::: Source data :::

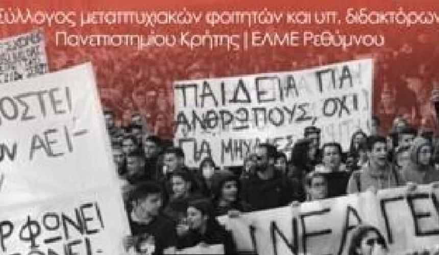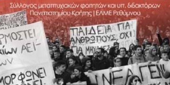Όλοι και όλες στην εκδήλωση του Ενιαίου Συλλόγου Μεταπτυχιακών και Υποψηφίων Διδακτόρων Πανεπιστημίου Κρήτης και της ΕΛΜΕ Ρεθύμνου την Παρασκευή στις 21 Φεβρουαρίου στις 19:00 στο Στέκι των Καθηγητών (Ηλιάκη 16).
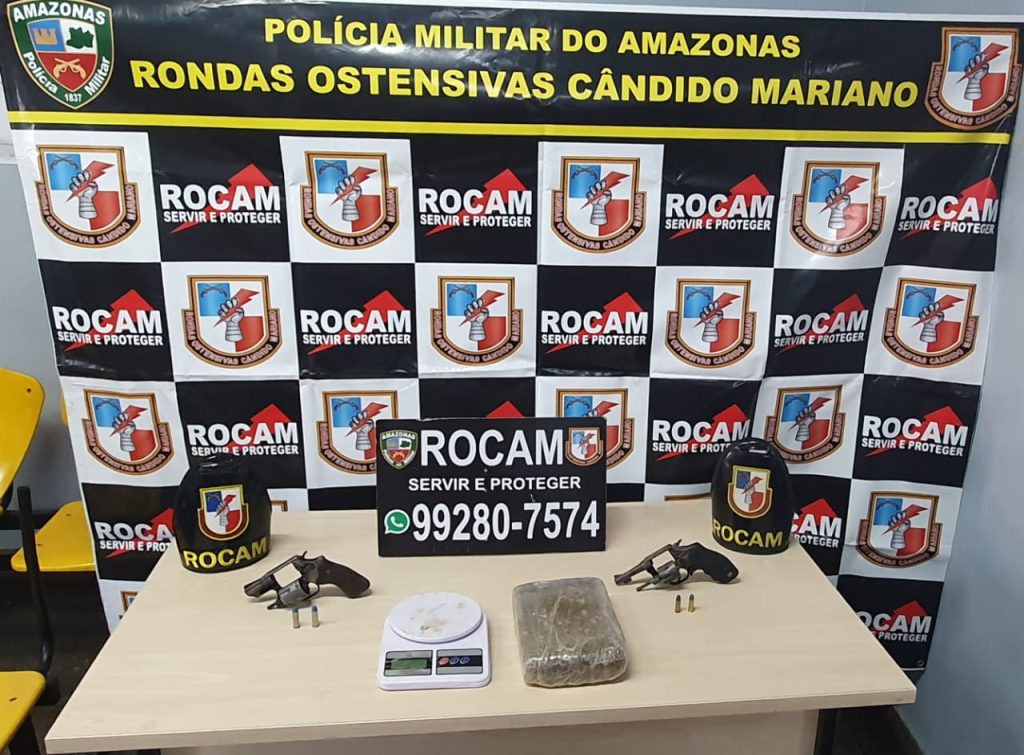 Policiais militares das Rondas Ostensivas Cândidos Mariano (Rocam), na tarde desta quarta-feira (29/07), detiveram dois homens, de 20 e 28 anos, por tráfico de drogas e posse de arma fogo, na rua Santa Rosa, beco Santarém, bairro Braga Mendes, zona norte de Manaus.
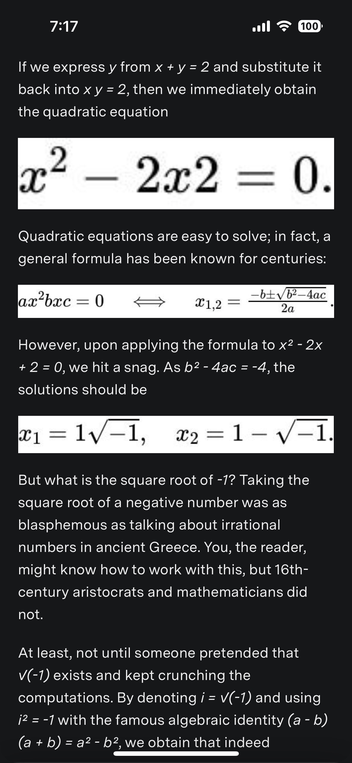 Around the 16th century, aristocrats had a strange way of determining who the king of the hill was: solving algebraic equations. One particular problem was the following: find two numbers whose sum and product are equal to two; that is,
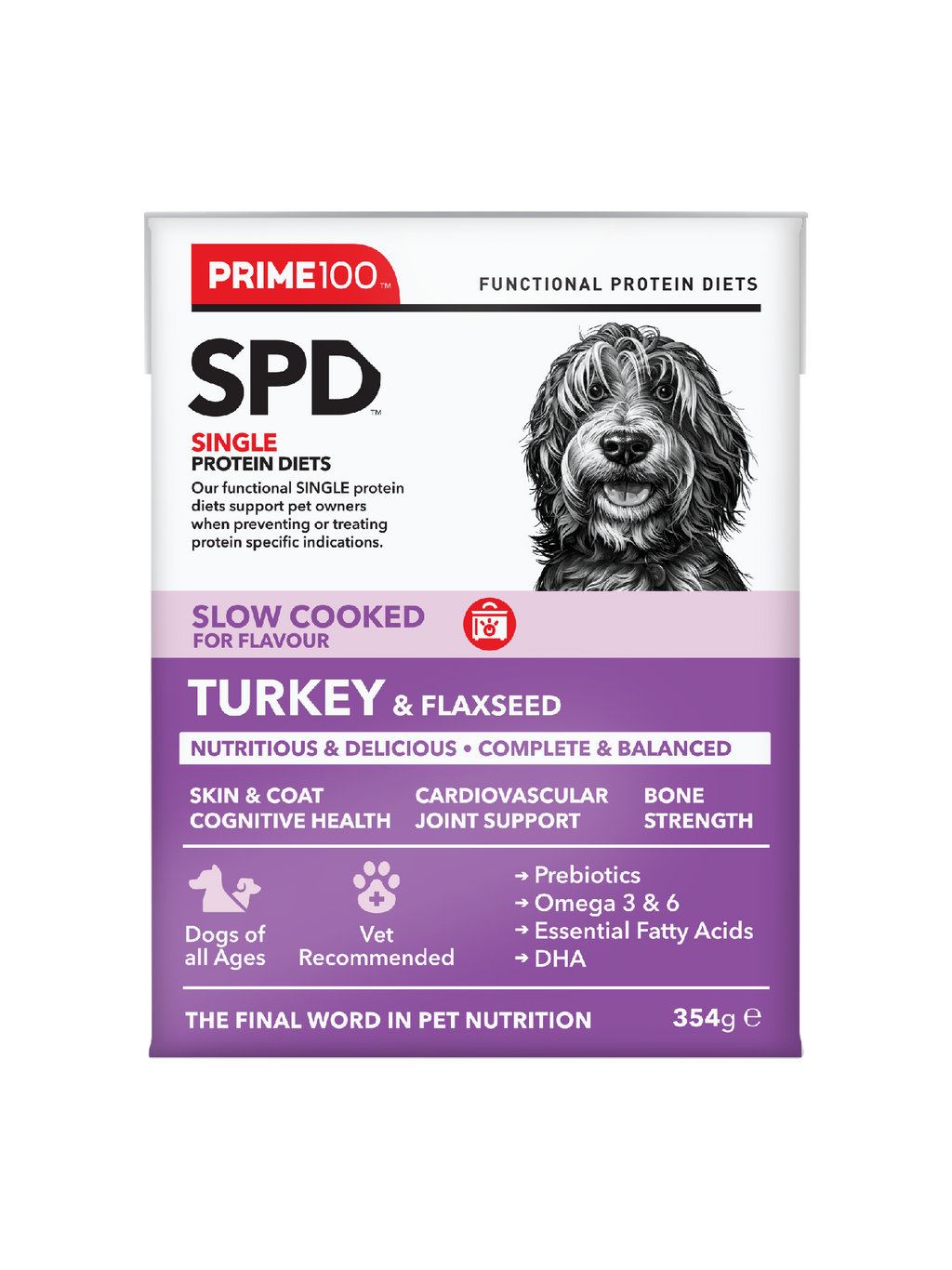 Prime100 SPD™ Slow Cooked Turkey & Flaxseed is a single protein diet designed with a single source of protein, prebiotics, and fibre. Complete and balanced with a natural source of calcium, glucosamine, chondroitin and essential fatty acids, suitable for dogs of all ages (excluding large & giant breed puppies). Formulated to improve and maintain skin health, as well as improve digestion through the inclusion of natural digestive enzymes and fibre from flaxseeds. No added artificial colours or flavours.

:::

**What this task involves**
Pass over the images and copy the rest of the material above exactly.

**Solution**
Όλοι και όλες στην εκδήλωση του Ενιαίου Συλλόγου Μεταπτυχιακών και Υποψηφίων Διδακτόρων Πανεπιστημίου Κρήτης και της ΕΛΜΕ Ρεθύμνου την Παρασκευή στις 21 Φεβρουαρίου στις 19:00 στο Στέκι των Καθηγητών (Ηλιάκη 16).
 Policiais militares das Rondas Ostensivas Cândidos Mariano (Rocam), na tarde desta quarta-feira (29/07), detiveram dois homens, de 20 e 28 anos, por tráfico de drogas e posse de arma fogo, na rua Santa Rosa, beco Santarém, bairro Braga Mendes, zona norte de Manaus.
 Around the 16th century, aristocrats had a strange way of determining who the king of the hill was: solving algebraic equations. One particular problem was the following: find two numbers whose sum and product are equal to two; that is,
 Prime100 SPD™ Slow Cooked Turkey & Flaxseed is a single protein diet designed with a single source of protein, prebiotics, and fibre. Complete and balanced with a natural source of calcium, glucosamine, chondroitin and essential fatty acids, suitable for dogs of all ages (excluding large & giant breed puppies). Formulated to improve and maintain skin health, as well as improve digestion through the inclusion of natural digestive enzymes and fibre from flaxseeds. No added artificial colours or flavours.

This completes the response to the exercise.